The Spirit of Enniskillen Trust
- Founded: 1989
- Founder: Gordon Wilson
- Dissolved: 2013
- Type: NGO
- Registration no.: Charitable status granted by the Inland Revenue. Ref. No. XR15484
- Location: 97 Malone Avenue, Belfast, Northern Ireland;
- Director: Michael Arlow

= Spirit of Enniskillen Trust =

Youth charity in Northern Ireland

The Spirit of Enniskillen Trust was a youth-led charity based in Belfast which worked across Northern Ireland with young people from a wide variety of backgrounds to "encourage and support young people from different cultural traditions and experiences to learn from discussion, find areas of commonality as well as learn to "agree to disagree". At the same time, the trust helped to develop their capacity, skills and commitment to initiate similar positive dialogue with others"

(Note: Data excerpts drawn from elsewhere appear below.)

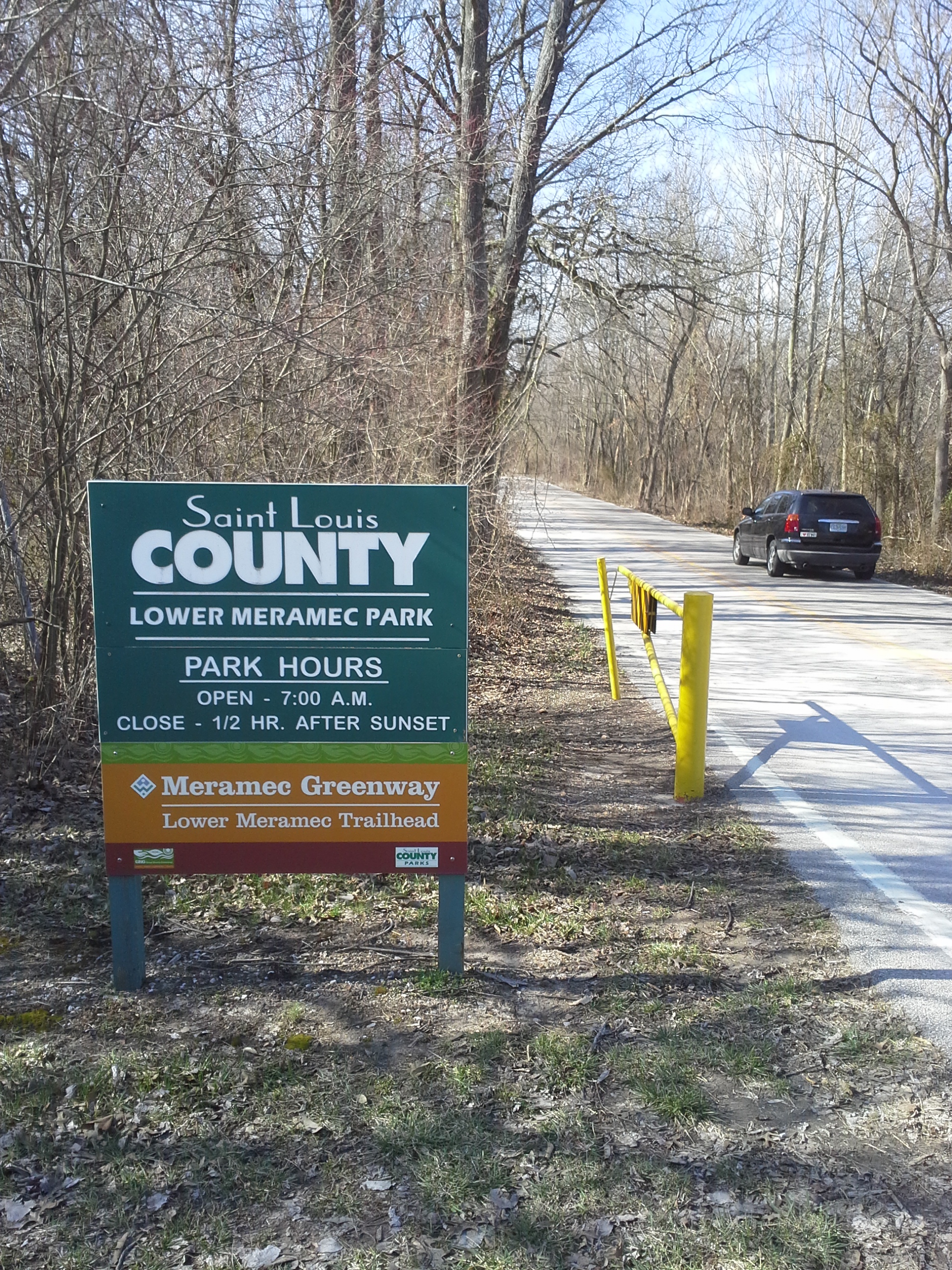 From 55 and 270, take 55 south toward Arnold. The last exit before the river is Meramec Bottom Road. Get off the highway here and make a right. Almost immediately on your left is the first parking lot and trail head. If you continue down Meramec Bottom Road, past the farm and soccer fields, you will come to Holzers Park Drive on your left. This is the road to the second parking lot and the trail head on the other end. I usually park at this one because it is closer to the Tall Timbers trail.
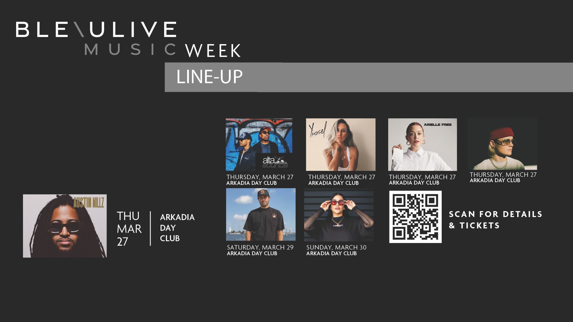 Austin Millz brings his signature mix of hip-hop and dance to Arkadia Day Club at Fontainebleau Miami Beach. Enjoy high-energy sets from Yissel, Arielle Free, J. Worra, and Brody Jenner while soaking in the vibrant atmosphere. Kick-off Music Week with exclusive performances from BLEAULIVE Music.
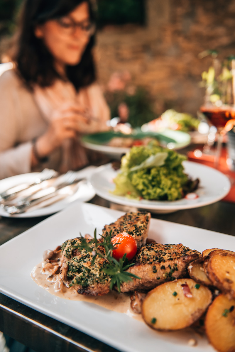 Und damit nicht genug: Essen und Wein haben ausgezeichnet geschmeckt. Das Restaurant befindet sich etwa 10 Minuten mit dem Auto außerhalb von Iphofen, doch es ist den kurzen Umweg wert – versprochen!
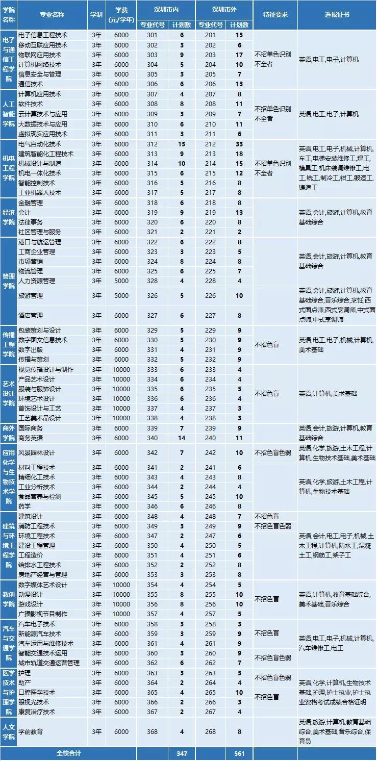 ②以下各招生專業(yè)、專業(yè)代號、計劃數(shù)、選報證書、特征要求等及其它備注以廣東省招生辦公布的專業(yè)目錄為準;
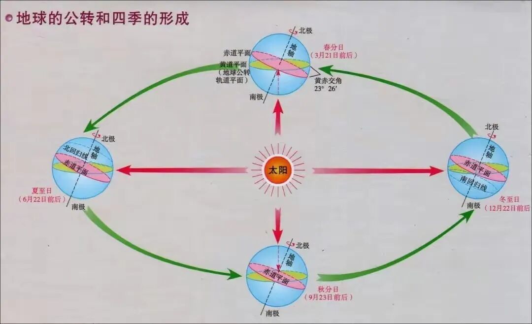 第五,形成四季的主要原因,最简单的说,与日地远近关系不大,光的直射和偏射才是根本原因。直射吸热多,偏射吸热少,而造成直射和偏射的主要原因是地球自转轴的23,26度的斜角。除此之外,地球重时向太阳靠近,地球就进入了太阳热的一面,地球轻时向宇宙冰层靠近,地球就进入了冷的一面,冷时一段时间地球又慢慢变重了,热时一段时间地球又慢慢变轻了。
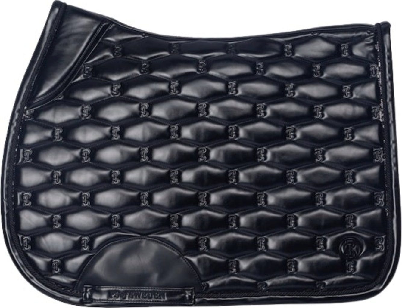 Подложката за седло за прескачане Dazzling Metallic впечатлява с елегантен блясък и практична функционалност. Анатомичният дизайн предлага допълнително пространство при холката, което осигурява на коня ви максимална свобода на движение. Средното подплатяване осигурява стабилно прилягане по време на скоковете.
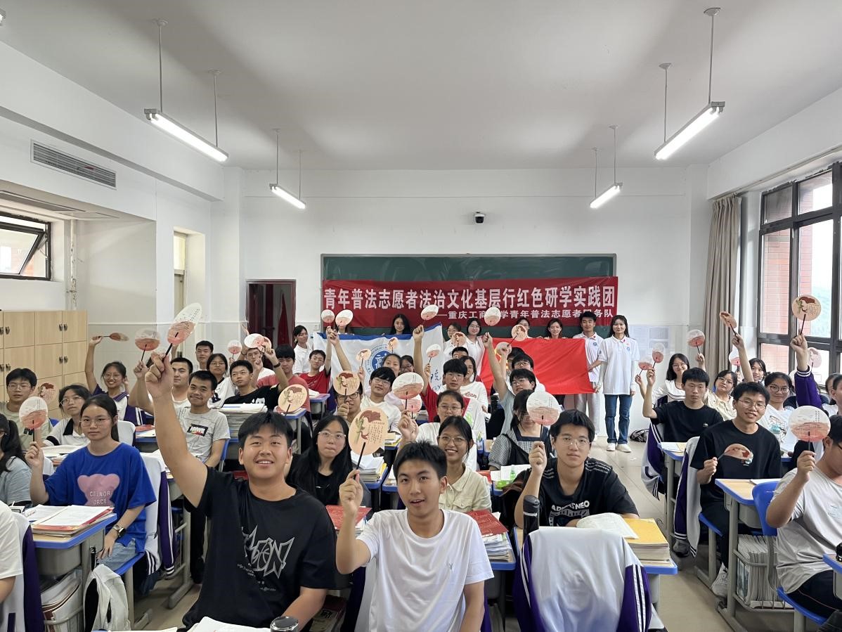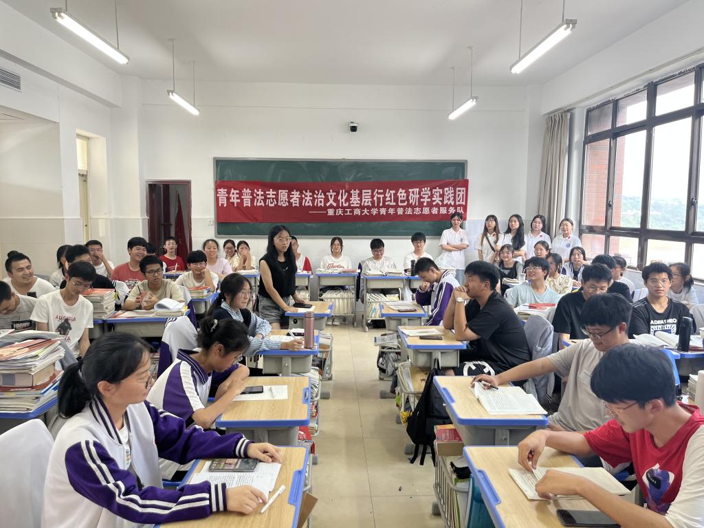7月11日,法学与社会学学院青年普法志愿者法治文化基层行红色研学实践团成员走进忠县忠州中学高二(28)班,通过讲故事和知识竞答的方式,将中国共产党的由来娓娓道来,介绍了中国共产党在创建时期、大革命时期、土地革命时期、抗日战争时期、解放战争时期、社会主义建设时期以及改革开放时期各阶段标志性事件,向高中生们充分展示我党百年奋斗的伟大历程和重大成就,让同学对中国共产党有了更全面、系统地了解,增强少年群体对党和国家的认同感和自豪感。

The Charity ran for over 20 years and won The Guardian's UK Charity of the Year award in 2011. It was wound up in 2013 because of a growing and unsustainable deficit in the organisation's pension provision.

== History ==

The Trust was established in the aftermath of the Provisional Irish Republican Army (PIRA) bombing of the centotaph in Enniskillen on Remembrance Sunday, 8 November 1987, which killed 11 people. The atrocity could have provoked a wave of revenge attacks, but the Trust built itself on the words and deeds of Gordon Wilson, who lost his daughter Marie (aged 20) in the explosion. The BBC has described the bombing as a turning point in The Troubles, and an attack that shook the IRA "to its core". Pivotal to turning point was Wilson's reaction to the murder of his daughter Marie in an interview that he gave to the BBC only hours after her death. Wilson forgave the terrorists and said he would pray for them. He also begged that no-one took revenge for Marie's death and pleaded with Loyalists not to do so.

Despite his sadness at her death, Mr Wilson said in a BBC television interview:
'I bear no ill will. I bear no grudge. Dirty sort of talk is not going to bring her back to life. She was a great wee lassie. She loved her profession. She was a pet. She's dead. She's in heaven and we shall meet again. I will pray for these men tonight and every night.'

== Background ==

In 1989 the Spirit of Enniskillen Trust was founded to run international programme for young people. The Spirit of Enniskillen sought to engage the energy, idealism and commitment of young people into the building of a shared, fair and diverse society in Northern Ireland. "The idea was to encourage young people aged between sixteen and nineteen from Northern Ireland to travel outside the Province and to use their experience to help build community bridges at home"

In its latter years, the Trust operated three programmes:

- Explore – International exchange and leadership
- Future Voices – Promoting volunteering and participation
- Together – Supporting "Shared Education" in post–primary schools.